The most dramatic example on record is a date palm seed recovered from the ruins of Masada, a fortress near the Dead Sea. Estimated to be about 2,000 years old, it was successfully germinated in 2005 and grew into a seedling nicknamed “Methuselah.”
How Long Seeds Take to Develop
The time from pollination to a fully mature seed varies enormously depending on the species. Some fast-growing weeds can produce viable seeds in as little as 7 to 9 days after pollination. Many garden vegetables and annual flowers take a few weeks to a couple of months. At the other end of the spectrum, pine cones can take two to three years from pollination to seed release, spending a full growing season just completing fertilization before the embryo even begins to develop.
The Range of Seed Sizes
Seeds span an astonishing range. The smallest belong to orchids, which produce dust-like seeds so tiny they’re nearly invisible to the naked eye. A single orchid pod can release millions of them. At the opposite extreme, the double coconut (also called the coco de mer) produces the world’s largest seed, a massive nut that can weigh over 40 pounds. The size of a seed generally reflects its strategy: orchid seeds carry almost no food reserves and rely on symbiotic fungi to nourish them after germination, while the double coconut packs enough energy to sustain a large seedling on nutrient-poor island soil.
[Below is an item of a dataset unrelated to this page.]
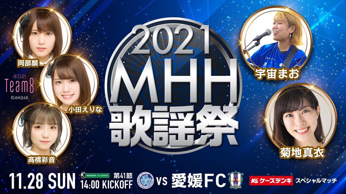 この歌謡祭には水戸ホーリーホック応援ソングアーティスト・宇宙まおさんも出演! AKB48チーム8からは岡部麟、髙橋彩音、小田えりなの3人が登場し、スタジアムを盛り上げます!

Plants That Don’t Produce Seeds
It’s worth knowing which plants fall outside the seed-producing club. Ferns reproduce by releasing spores from small clusters on the undersides of their leaves. Mosses and liverworts also use spores, and their reproduction still depends on water for the sperm to reach the egg. Algae, while not technically land plants, also reproduce without seeds. These groups thrived long before seed plants appeared and continue to fill ecological niches where their reproductive strategies work well, particularly in damp, shaded environments.